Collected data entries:
>>

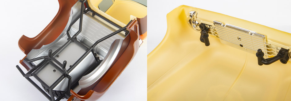 The hinged body system puts on-board components in easy reach. You can access the battery and chassis by simply removing two body clips and swinging the body up.
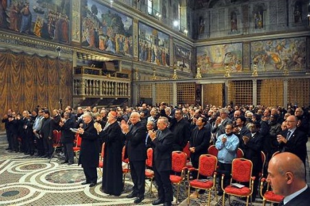 Por la tarde, dirigidos por el Prof. Enrico Bruschini, los Capitulares pudieron visitar la Capilla Sixtina, donde participaron del Concierto Concerto "Super fundamentum apostolorum - el año litúrgico en la tradición musical de las Celebraciones Pontificias" a cargo de la Capilla Musical Pontificia llamada "Sixtina", dirigida por el salesiano P. Massimo Palombella. Una serie de cantos polifónicos fueron magistralmente ejecutados: canto Gregoriano, Perosi, Pierluigi da Palestrina, y dos ejecuciones musicales al órgano por parte del maestro Juan Paradell Solé.
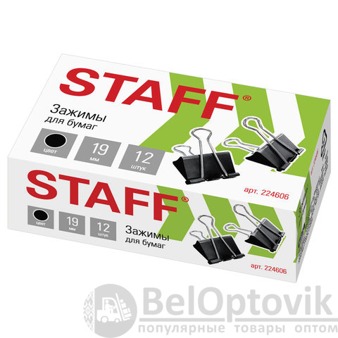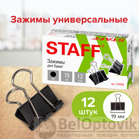 Зажимы для бумаг STAFF "EVERYDAY", КОМПЛЕКТ 12 шт., 19 мм, на 60 листов, черные, картонная коробка, 224606
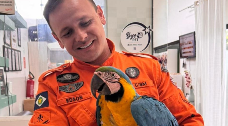 Corpo de Bombeiros resgata arara-canindé em indústria de carne suína
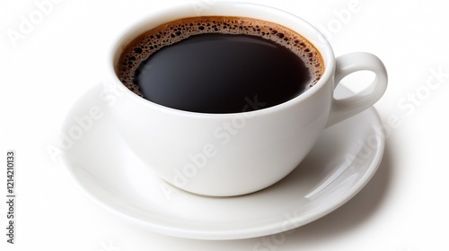 Minimalist white cup of freshly brewed black coffee on a clean white background
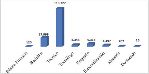 Una vez organizado el número de funcionarios por nivel académico, se evidencia que el 0,07 % tiene educación básica primaria, 16,62 % es bachiller, 71,51 % tiene una formación técnica, el 3,17 % es tecnólogo, un 5,53 % tiene pregrado, el 2,67 % ostenta especialización, un 0,42 % maestría y el 0,01 % doctorado. Es importante aclarar que existen funcionarios que tienen entre 1 y 4 carreras técnicas, tecnológicas y profesionales.
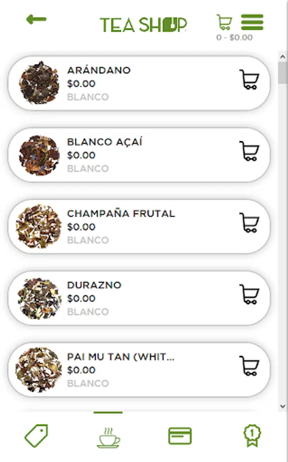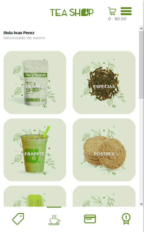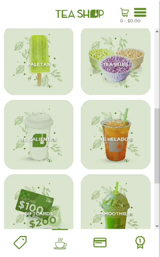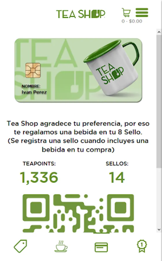 App for the sale of products related to the world of Tea, a loyalty card for digital points, visits and special offers.
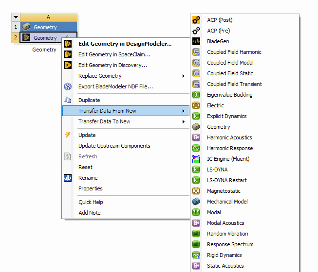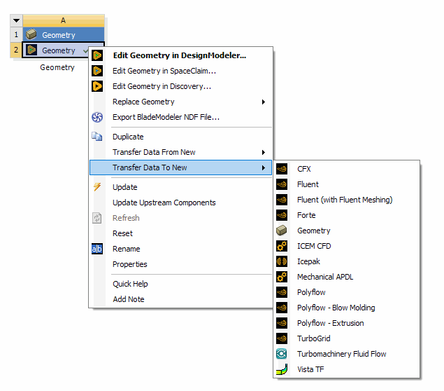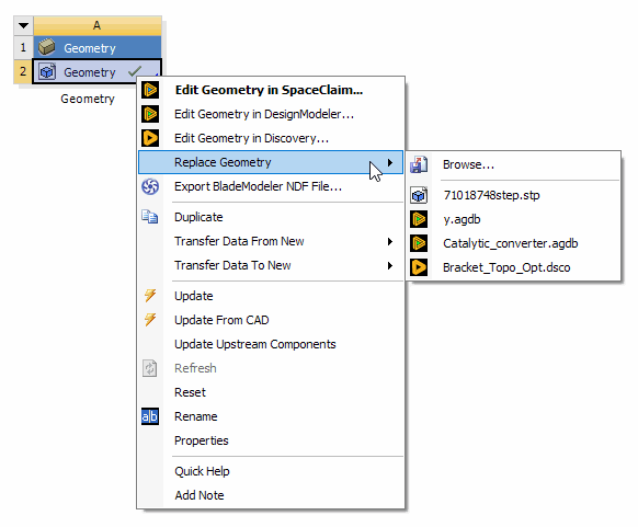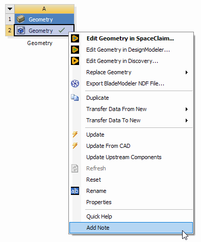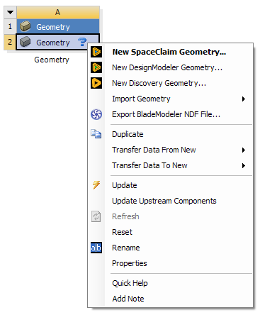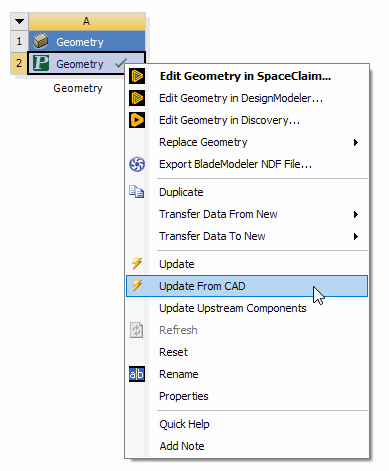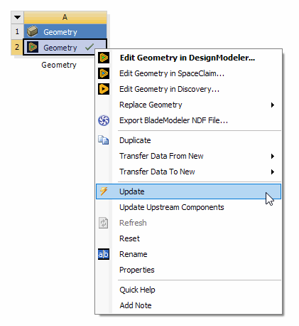 The Edit context menu option will appear when the geometry cell already has a CAD file, active CAD model, or agdb file defined. It is the default action when a user double-clicks the geometry cell under these conditions. The option will NOT appear if the geometry cell is empty. If a file is specified but is a type that cannot be edited in the DesignModeler or SpaceClaim application, then the Edit option will appear but is disabled. If you choose the Edit option while the geometry application's editor for that system is already open, then it will simply switch focus to that open editor.
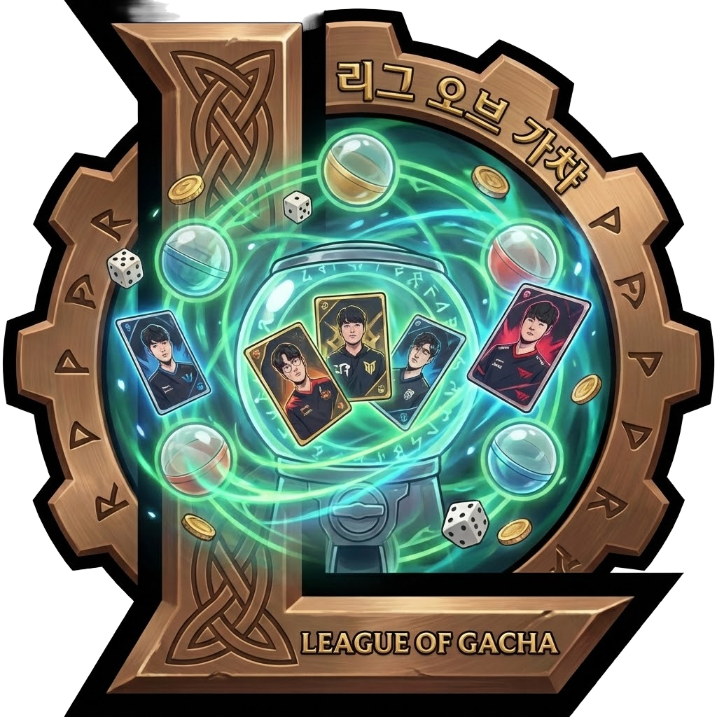 리그 오브 가챠는 리그오브레전드 프로게이머들을 랜덤으로 뽑아 나만의 드림팀을 만들 수 있는 무료 롤 가챠 게임입니다. 2013년부터 2025년까지 LCK, LPL, 월즈 챔피언 200명 이상의 선수 데이터를 포함하고 있으며, 페이커, 데프트, 루키 등 레전드 선수들을 뽑을 수 있습니다.
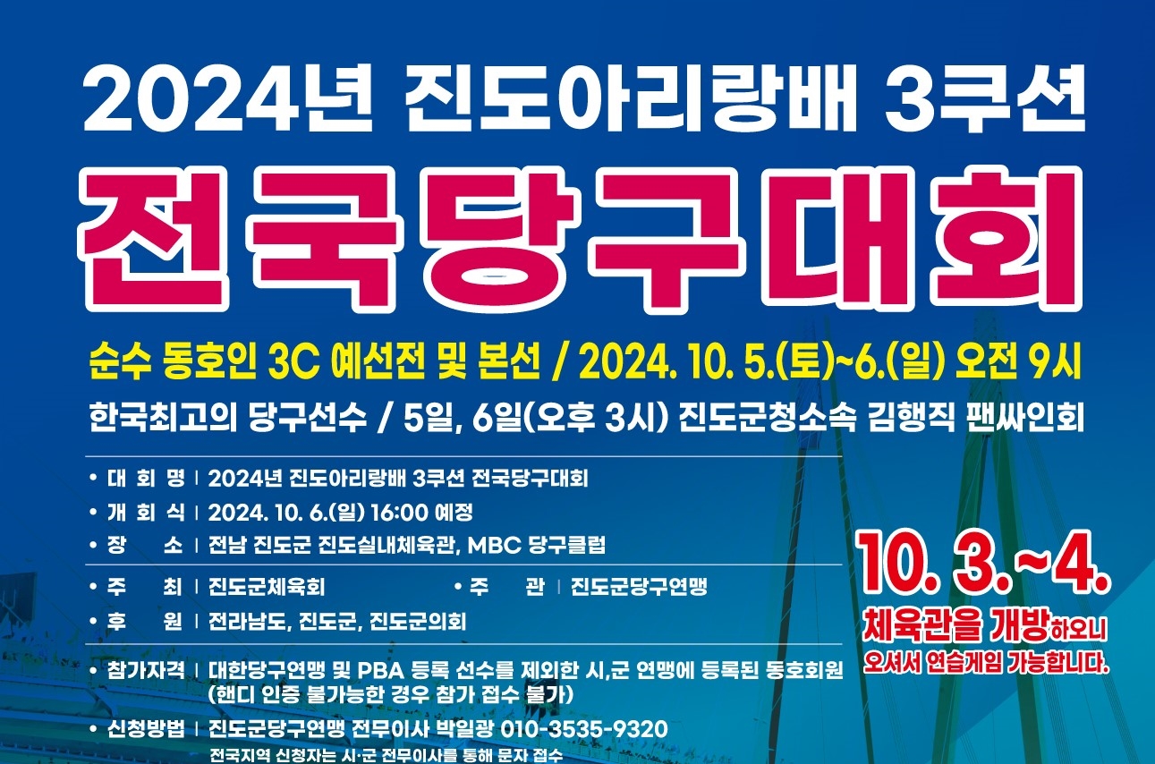 진도군당구연맹(회장 김연일)은 오는 10월 5~6일 개최하는 ‘2024년 진도아리랑배 3쿠션 전국당구대회’의 요강을 발표했다.

<<

*TO DO:*
In the data above, retype only the stretch from the line with "Una vez organizado" through the line with "App for the", word for word, and skip any pictures.

*TASK ANSWER:*
 Una vez organizado el número de funcionarios por nivel académico, se evidencia que el 0,07 % tiene educación básica primaria, 16,62 % es bachiller, 71,51 % tiene una formación técnica, el 3,17 % es tecnólogo, un 5,53 % tiene pregrado, el 2,67 % ostenta especialización, un 0,42 % maestría y el 0,01 % doctorado. Es importante aclarar que existen funcionarios que tienen entre 1 y 4 carreras técnicas, tecnológicas y profesionales.
 App for the sale of products related to the world of Tea, a loyalty card for digital points, visits and special offers.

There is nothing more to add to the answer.